Paul reached his arms out, wrapped them around my waist, and pulled me closer. “He’s the King, baby.”

He began swaying side to side to the music and then reached down and grabbed my hand. Once again, my thoughts turned to dancing in the rain with Ryan at our reception. Instantly, I was torn between guilt and pleasure. Part of me felt as if I was betraying Ryan’s memory by even touching another man, but the other part of me just wanted to enjoy the sensation of another man’s arms around me. Despite my mixed emotions, I gave in and lay my head on his shoulder.

We danced all the way through the song. Maybe it was the booze, maybe it was the intimacy…either way, I was feeling a little light headed. Not quite dizzy. More like I was having an out-of-body experience and I was watching myself dance with another man. I can’t lie. I was enjoying myself.

When the song was over, Paul kept his grip on my hand and, without a word, led me out of the living room, down the hallway, and to his bedroom.

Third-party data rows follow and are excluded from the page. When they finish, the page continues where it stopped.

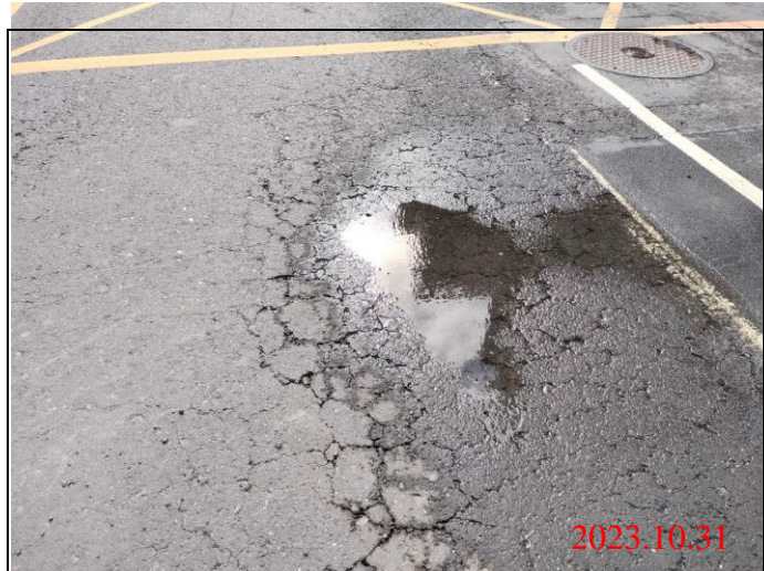
巡查日期地點：112.10.31/ Y23車站 照片說明：路面龜裂狀況
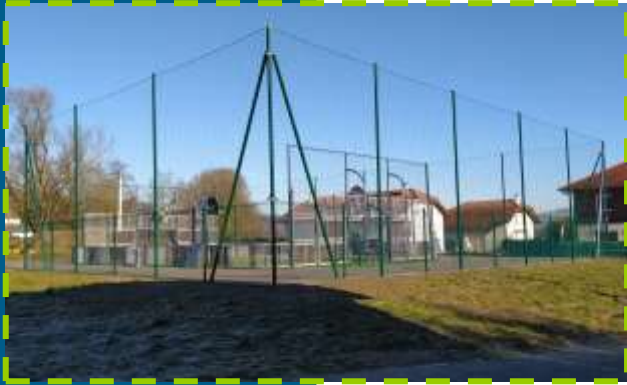
07 Février installation d'un pare-balls au terrain multisports.
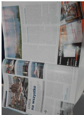
Zdjęcie artykułu z czasopisma Żagle

W artykule pt. Unia jest dobra na wszystko autorzy szeroko, na dwóch stronach, opisują założenia projektu South Coast Baltic. Bardziej szczegółowo autorzy opisują część litewską i kaliningradzką projektu.
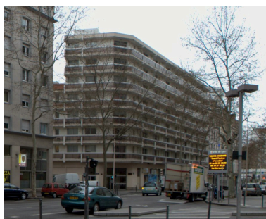
Vue générale depuis le nord-est IVR82_20116905026NUCA
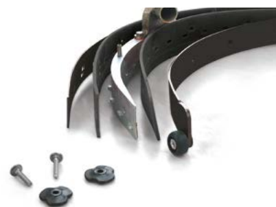
Vispa 35 E-B-BS Pour obtenir un bon séchage, les bavettes du suceur doivent toujours être propres. En cas d'usure, leur remplacement est très simple
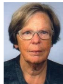
Bijdrage: Kay Curfs

Uw biologische klok kan om verschillende redenen ontregeld zijn. Kunt u moeilijk in slaap komen of heeft u juist een probleem met doorslapen? Veel mensen overwegen dan om een tijdje een slaapmiddel te gebruiken. Vooral bij ouderen brengen slaapmiddelen risico's met zich mee. Ook kunnen slaapproblemen verergeren na het stoppen met de slaapmiddelen. Slaapmiddelen lijken misschien ideaal, maar ze hebben veel nadelen en risico's, vooral op langere termijn.
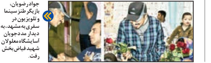
جواد رضویان، بازیگر طنز سینما و تلویزیون در سفری به مشهد، به دیدار مددجویان آسایشگاه معلولان شهید فیاض بخش رفت.
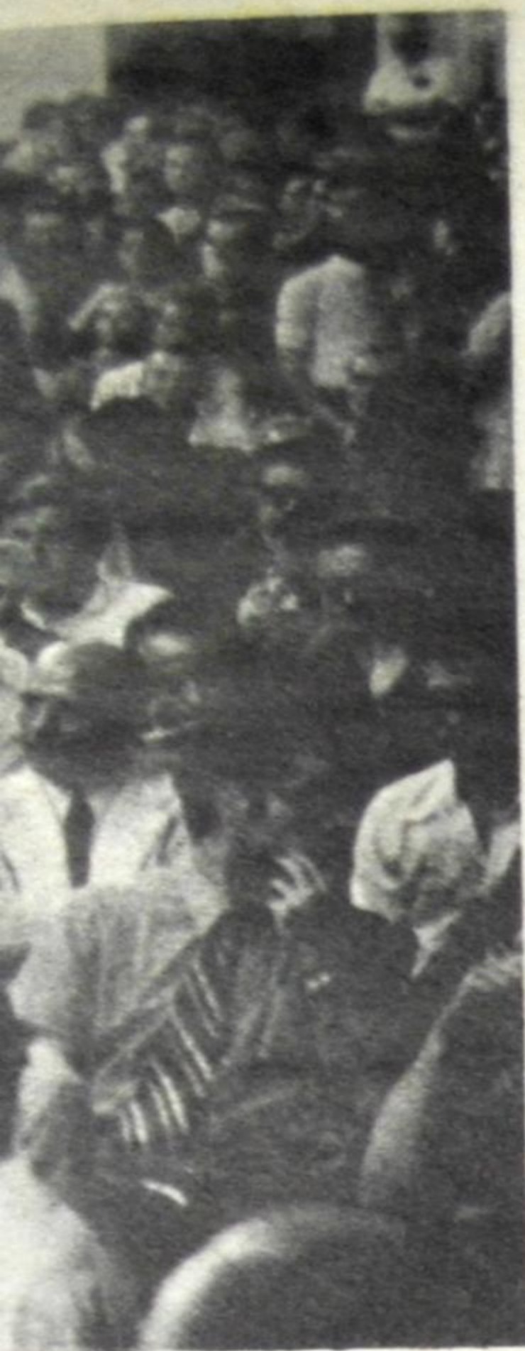
hicieron masivas jo.
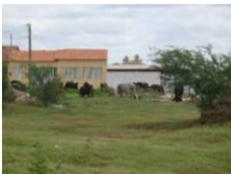
Figura 3 – Pecuária extensiva e construção civil nas margens do riacho.
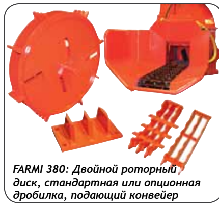
FARMИ 380: Двойной роторный диск, стандартная или опционная дробилка, подающий конвейер

Как правило, измельчители FARMИ 380 HF и HFC оснащены собственной гидравлической системой (1) , которая приводит в действие как устройство подачи, так и стандартный качающийся ролик верхнего подающего ролика (2) и управляет выпускной трубой (3) . Однако, гидравлическая система трактора используется для втягивания трубы в положение при транспортировке (4) и для открытия верхней камеры.
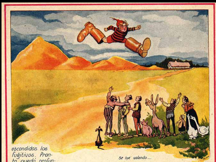
Ilustración de Asha. Pulgarcito . Colección cuentos en colores. Ed. Ramón Sopena, 1930.

Titiriteros de Binéfar (Binéfar – España)
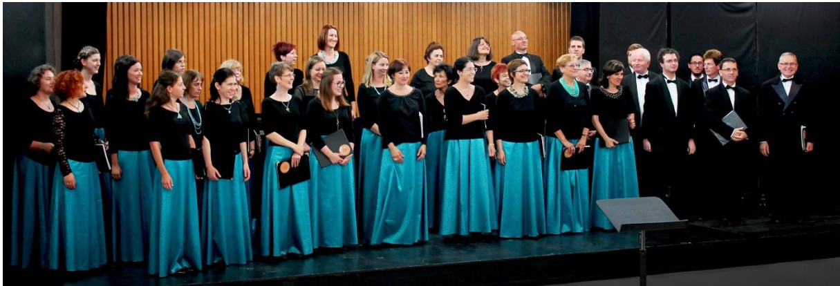
A Budapesti Vándor Kórus

A kórus, mint e zenei elképzelések, technikai utasítások megvalósítója is értékelhette egy különdíj erejéig e tehetséges, elhivatott, minden tiszteletet megérdemlő ifjú muzsikusok teljesítményét.
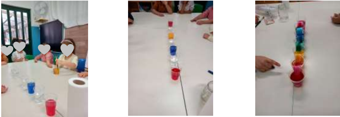
Figura 4 - Experiência do Arco-íris

ativamente envolvidas na experiência. (Excerto do anexo 4. Reflexão individual da semana 20 e 21 de maio de 2024).
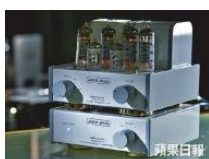
Audio Space Mini-Galaxy1
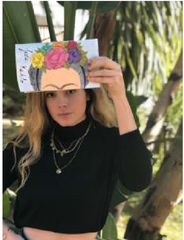
#bookface de Frida Kahlo

Amb les xarxes socials arriben noves maneres creatives per recomanar llibres. Primer van ser els booktubers i ara també el hashtag #BookFace . Com sugereix el terme, el joc consisteix en compartir una fotografia encaixant el rostre (o una altra part) a la portada d'un llibre.

My heart was beating out of my chest as I followed behind him. He pulled me over to the side of the bed, sat down, and pulled me in between his legs. I instinctively wrapped my arms around his neck. Then, without hesitation, he tilted his head upward and kissed me in a way I hadn’t been kissed since I met Ryan. I didn’t even think about it. I kissed him back fervently. His hands slid up my back, underneath my coverall. I ran my fingers up his neck and through his thick hair. He laid back on the pillows, pulled off my coverall, and pulled me down on top of him. I straddled his hips and we made out like teenagers for a good half an hour, to the point my lips were numb.

I was lost in the moment. I wasn’t thinking of Ryan or my prosecution or anything besides how good it felt to be held again. To be wanted again. Even though I had loved Ryan with all my heart, it had been months since we were intimate like that. It was a feeling I had almost forgotten was possible.

But as soon as he reached behind me and untied the back of my bathing suit, something flipped inside me. I pulled back from his embrace and rolled off of him.

“What’s wrong? Did I do something?”

“No, it’s not you. You are wonderful. And I really like you, Paul. It’s just…”

“Let me guess. Bad breakup?”

“You could say that.” Of course I couldn’t tell him the truth. I had lied about everything in my life. I couldn’t turn back now.

He sat up and put his hand on mine. “Listen, I understand. We can slow things down. I’m sorry if I got carried away. It’s just that I really like you, Veronica.”

“I like you too,” I admitted. “I just can’t…do this…right now. Not yet, anyway.”

“I completely understand. I’ve been there before. Do you want some coffee? We can just watch TV.”

“No, I think I’d better get home. I need to let my dog out.” Another lie, but it was better than saying I had to get home to mommy.

“Can I at least walk you out?”

“Of course,” I said with a smile.

I pulled my coverall back on and followed Paul out of the bedroom and into the living room. I grabbed my purse and cell phone and he opened the door and held it open for me. I walked under his arm and out into the breezeway.

Paul followed me out to Mom’s minivan. “Mind if I ask you a question?”

“Sure,” I said, a little worried.

“You said you have no kids, so why the minivan?”